ChatGPT might suffice for clacking out an email to your boss, but can the same style of AI write a DNA sequence for a life-saving drug?
The scientists behind a new crop of foundational models are hoping there’s a chance. One of those projects comes from Ginkgo Bioworks, which recently announced a five-year deal with Google Cloud to host AI geared toward synthetic biology.
Ginkgo, which works on the genetics behind everything from pharmaceuticals and fertilizers to fragrances and cannabinoids, has two advantages in its own effort: a big store of proprietary data from its 15-year history and the automated infrastructure to collect it, according to Ginkgo’s CEO and co-founder, Jason Kelly.
We spoke with Kelly about generative AI’s potential for biotech, what went into the experiment, and what it might yield.
This conversation has been edited for length and clarity.
How is Ginkgo attempting to bring generative AI to biotech?
The question now is, “Could we make foundation models in biology? What would that look like?” Well, for starters, DNA is code, right? So if you take a gene, which is one element of DNA, a human would have tens of thousands of genes. So you got a gene, it is read from start to finish, like a book. So you can do the exact same kind of [predictive training as large language models], except in this case, it’s a gene from nature. And, like, our “internet” is nature. Because just like the internet was not just made-up random words—that’s why these models can actually learn English; it was English sentences written by humans who know grammar, and then the model backed out from all that we know in our heads [like] how grammar works. Same thing with the genomes out in nature—they are not random sequences of [DNA bases] As, Ts, Cs, and Gs; they are a product of 4 billion years of evolution; there is a grammar to them. They are a language; there is a design to a protein that makes it a good protein. And if you jumble it up, it turns into a piece of crap…Like, genetic diseases are exactly that—a mutation that breaks them.

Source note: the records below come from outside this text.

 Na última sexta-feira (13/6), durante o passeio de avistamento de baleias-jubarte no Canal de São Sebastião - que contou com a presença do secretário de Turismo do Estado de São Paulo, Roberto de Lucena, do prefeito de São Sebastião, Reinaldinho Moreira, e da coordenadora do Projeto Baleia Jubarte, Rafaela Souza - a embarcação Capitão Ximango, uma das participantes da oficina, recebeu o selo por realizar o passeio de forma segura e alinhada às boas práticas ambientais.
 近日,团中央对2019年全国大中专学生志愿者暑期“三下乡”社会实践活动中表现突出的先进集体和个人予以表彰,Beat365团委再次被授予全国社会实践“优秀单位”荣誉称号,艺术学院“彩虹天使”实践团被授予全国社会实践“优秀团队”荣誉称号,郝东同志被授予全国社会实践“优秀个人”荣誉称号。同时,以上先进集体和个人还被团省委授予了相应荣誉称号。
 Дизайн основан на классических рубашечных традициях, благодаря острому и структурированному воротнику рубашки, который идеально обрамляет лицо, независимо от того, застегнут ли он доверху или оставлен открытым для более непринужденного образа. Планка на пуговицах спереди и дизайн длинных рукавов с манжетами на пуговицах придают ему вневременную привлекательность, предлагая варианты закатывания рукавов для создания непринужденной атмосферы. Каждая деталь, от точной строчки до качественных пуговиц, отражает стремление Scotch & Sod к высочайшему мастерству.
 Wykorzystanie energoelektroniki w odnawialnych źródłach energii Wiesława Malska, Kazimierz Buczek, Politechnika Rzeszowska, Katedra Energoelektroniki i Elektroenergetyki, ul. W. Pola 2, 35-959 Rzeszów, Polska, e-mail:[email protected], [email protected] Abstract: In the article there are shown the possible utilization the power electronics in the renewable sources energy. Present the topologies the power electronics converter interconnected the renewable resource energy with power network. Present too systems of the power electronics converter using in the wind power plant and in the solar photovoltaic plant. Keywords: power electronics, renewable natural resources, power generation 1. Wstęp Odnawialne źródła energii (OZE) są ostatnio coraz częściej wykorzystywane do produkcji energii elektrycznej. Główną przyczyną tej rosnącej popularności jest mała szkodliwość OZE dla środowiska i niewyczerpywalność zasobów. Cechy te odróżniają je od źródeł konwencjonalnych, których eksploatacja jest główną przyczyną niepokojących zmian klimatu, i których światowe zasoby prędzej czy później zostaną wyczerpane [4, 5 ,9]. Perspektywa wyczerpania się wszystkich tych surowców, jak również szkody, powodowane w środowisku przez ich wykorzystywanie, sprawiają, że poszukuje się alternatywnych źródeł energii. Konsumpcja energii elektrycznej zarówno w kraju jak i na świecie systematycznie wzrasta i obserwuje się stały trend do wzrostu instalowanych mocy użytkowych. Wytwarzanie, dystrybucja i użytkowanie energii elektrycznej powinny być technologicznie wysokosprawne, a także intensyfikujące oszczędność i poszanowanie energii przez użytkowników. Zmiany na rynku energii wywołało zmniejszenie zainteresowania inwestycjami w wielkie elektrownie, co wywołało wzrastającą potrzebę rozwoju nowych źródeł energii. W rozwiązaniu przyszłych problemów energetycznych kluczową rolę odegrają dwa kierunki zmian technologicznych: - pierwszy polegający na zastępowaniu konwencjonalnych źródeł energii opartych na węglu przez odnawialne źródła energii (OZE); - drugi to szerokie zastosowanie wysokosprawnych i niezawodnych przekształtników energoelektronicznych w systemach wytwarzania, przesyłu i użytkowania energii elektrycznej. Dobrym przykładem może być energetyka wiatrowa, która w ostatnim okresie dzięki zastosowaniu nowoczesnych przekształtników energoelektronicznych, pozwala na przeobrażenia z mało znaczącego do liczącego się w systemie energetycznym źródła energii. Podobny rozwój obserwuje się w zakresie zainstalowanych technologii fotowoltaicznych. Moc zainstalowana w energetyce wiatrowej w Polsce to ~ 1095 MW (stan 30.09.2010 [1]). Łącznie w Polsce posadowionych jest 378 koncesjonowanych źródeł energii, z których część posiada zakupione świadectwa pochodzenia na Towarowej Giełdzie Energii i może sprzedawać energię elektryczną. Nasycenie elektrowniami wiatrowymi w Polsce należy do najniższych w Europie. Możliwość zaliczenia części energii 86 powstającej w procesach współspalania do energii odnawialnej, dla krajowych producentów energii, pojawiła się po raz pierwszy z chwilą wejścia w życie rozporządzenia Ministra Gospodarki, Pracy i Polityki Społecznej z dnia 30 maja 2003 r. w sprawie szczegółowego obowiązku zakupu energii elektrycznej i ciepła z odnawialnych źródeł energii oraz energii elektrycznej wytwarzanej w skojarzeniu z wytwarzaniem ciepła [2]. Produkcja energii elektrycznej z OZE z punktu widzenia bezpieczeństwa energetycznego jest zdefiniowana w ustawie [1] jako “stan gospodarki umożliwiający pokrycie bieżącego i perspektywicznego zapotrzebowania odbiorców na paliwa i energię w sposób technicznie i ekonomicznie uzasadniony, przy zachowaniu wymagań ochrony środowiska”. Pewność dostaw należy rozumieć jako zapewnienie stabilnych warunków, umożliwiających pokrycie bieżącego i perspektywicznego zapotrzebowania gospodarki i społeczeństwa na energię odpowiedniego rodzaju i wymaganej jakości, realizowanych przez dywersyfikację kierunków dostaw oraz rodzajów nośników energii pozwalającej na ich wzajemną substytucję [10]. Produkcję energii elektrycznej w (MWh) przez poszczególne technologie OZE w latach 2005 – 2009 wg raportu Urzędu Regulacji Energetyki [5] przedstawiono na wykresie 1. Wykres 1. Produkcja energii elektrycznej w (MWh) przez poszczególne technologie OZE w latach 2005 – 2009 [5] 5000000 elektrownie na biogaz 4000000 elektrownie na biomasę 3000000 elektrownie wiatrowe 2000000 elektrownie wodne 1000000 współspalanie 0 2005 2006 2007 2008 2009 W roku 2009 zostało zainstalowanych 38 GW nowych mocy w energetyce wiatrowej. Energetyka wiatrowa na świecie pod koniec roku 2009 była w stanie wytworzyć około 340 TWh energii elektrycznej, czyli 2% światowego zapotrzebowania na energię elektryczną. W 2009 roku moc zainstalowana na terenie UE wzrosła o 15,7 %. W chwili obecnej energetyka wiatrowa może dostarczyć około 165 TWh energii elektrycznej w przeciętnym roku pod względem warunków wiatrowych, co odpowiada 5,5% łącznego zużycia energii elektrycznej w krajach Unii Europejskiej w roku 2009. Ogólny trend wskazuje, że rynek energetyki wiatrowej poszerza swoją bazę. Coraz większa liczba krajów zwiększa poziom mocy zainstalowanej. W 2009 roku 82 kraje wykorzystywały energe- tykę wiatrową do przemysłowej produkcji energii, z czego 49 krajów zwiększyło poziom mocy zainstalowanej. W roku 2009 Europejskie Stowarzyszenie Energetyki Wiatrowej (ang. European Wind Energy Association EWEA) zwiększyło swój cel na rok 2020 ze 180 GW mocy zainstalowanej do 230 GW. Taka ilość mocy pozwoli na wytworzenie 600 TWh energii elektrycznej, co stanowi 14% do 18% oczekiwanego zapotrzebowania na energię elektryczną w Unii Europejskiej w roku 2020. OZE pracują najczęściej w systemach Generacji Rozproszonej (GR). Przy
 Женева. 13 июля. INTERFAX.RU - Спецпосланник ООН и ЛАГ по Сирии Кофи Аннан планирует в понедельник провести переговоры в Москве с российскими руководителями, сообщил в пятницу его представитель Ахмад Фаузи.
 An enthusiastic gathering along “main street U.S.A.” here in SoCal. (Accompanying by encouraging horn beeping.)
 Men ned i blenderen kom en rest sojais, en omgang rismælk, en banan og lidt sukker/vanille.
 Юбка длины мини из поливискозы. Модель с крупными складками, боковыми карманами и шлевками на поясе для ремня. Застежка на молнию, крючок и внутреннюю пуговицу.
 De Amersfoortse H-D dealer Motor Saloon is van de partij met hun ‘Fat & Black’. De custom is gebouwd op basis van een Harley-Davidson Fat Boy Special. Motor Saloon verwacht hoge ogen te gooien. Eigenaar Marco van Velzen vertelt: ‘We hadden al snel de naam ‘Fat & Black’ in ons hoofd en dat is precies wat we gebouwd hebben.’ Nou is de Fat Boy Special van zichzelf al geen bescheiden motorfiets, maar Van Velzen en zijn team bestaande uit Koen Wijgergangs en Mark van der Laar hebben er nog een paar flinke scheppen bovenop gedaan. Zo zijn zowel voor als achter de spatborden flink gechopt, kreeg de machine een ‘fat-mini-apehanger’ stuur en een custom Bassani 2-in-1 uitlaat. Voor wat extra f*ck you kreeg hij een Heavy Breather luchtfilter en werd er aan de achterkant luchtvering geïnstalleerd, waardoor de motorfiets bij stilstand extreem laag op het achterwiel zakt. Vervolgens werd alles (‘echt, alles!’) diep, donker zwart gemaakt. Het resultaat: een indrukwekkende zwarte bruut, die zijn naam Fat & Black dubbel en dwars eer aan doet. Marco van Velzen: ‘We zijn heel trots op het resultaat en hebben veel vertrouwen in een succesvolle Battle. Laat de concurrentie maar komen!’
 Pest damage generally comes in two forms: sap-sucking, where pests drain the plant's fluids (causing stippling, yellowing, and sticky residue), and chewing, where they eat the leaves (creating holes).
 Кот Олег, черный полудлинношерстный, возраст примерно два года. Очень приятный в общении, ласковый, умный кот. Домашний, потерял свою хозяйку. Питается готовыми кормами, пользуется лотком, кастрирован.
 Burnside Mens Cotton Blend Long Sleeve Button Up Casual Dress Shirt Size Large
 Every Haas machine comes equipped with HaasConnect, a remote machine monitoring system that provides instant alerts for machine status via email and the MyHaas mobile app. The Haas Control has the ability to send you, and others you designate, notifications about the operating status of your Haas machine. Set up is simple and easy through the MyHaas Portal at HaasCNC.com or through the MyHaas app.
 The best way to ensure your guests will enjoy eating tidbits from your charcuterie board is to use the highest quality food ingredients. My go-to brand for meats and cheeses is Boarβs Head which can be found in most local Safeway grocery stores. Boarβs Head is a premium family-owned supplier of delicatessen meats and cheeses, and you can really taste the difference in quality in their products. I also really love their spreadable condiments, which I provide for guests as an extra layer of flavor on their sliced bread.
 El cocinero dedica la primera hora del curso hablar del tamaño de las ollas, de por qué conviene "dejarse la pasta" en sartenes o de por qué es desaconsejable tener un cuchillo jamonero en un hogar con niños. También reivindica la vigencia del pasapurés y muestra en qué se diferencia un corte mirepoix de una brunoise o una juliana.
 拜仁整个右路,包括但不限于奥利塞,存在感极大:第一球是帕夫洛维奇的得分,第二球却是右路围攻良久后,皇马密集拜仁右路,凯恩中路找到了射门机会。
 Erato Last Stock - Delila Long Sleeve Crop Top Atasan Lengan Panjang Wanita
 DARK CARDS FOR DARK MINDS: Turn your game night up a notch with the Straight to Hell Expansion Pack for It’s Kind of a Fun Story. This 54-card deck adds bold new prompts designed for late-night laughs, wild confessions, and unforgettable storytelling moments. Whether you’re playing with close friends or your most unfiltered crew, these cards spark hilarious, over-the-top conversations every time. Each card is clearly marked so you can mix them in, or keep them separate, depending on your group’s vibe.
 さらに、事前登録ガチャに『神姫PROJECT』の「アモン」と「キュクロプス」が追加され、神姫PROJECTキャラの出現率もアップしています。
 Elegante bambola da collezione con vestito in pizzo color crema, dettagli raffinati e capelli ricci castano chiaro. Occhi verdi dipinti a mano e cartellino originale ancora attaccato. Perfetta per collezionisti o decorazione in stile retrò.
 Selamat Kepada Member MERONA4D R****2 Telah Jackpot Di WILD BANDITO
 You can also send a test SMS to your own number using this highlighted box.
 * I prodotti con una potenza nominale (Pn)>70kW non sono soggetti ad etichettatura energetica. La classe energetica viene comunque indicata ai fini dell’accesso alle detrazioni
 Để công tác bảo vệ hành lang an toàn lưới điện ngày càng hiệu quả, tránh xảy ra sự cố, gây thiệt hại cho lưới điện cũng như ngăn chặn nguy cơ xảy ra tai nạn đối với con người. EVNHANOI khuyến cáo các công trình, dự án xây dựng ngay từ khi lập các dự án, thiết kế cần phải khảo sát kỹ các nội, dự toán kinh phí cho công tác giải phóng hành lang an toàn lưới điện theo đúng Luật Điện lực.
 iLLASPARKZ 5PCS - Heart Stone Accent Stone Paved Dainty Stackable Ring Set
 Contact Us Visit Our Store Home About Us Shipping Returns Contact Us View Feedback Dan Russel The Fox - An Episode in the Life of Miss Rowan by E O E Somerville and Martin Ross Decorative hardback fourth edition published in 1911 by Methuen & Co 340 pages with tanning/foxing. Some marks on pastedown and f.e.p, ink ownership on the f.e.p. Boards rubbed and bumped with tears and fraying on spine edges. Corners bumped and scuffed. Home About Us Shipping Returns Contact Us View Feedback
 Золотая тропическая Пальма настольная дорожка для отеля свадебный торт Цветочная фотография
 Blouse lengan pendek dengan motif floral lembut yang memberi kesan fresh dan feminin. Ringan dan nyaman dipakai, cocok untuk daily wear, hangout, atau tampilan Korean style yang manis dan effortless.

So what’s out there in nature is all these books, and they’re written in this language of DNA and proteins. So here’s the magic: Do that same process: Train a gigantic neural net, big foundation model, and teach it to write DNA, just like ChatGPT or GPT-4 learned to write English and learned the basic rules of grammar…The magic would be if that foundation model, plus, all the antibody data…[was] more effective at drug discovery, at designing new crop protection, at—who knows?—like, whatever you want to get biotech to do, maybe it would be enabled better with this foundation model behind the machine learning (ML) we’ve been doing historically. And so that’s what we’re building with Google. Ginkgo is basically doing a giant neural net training, using as many genome books as we could get our hands on, and we think we have more of those than anybody else. And so we’re gonna train this big model.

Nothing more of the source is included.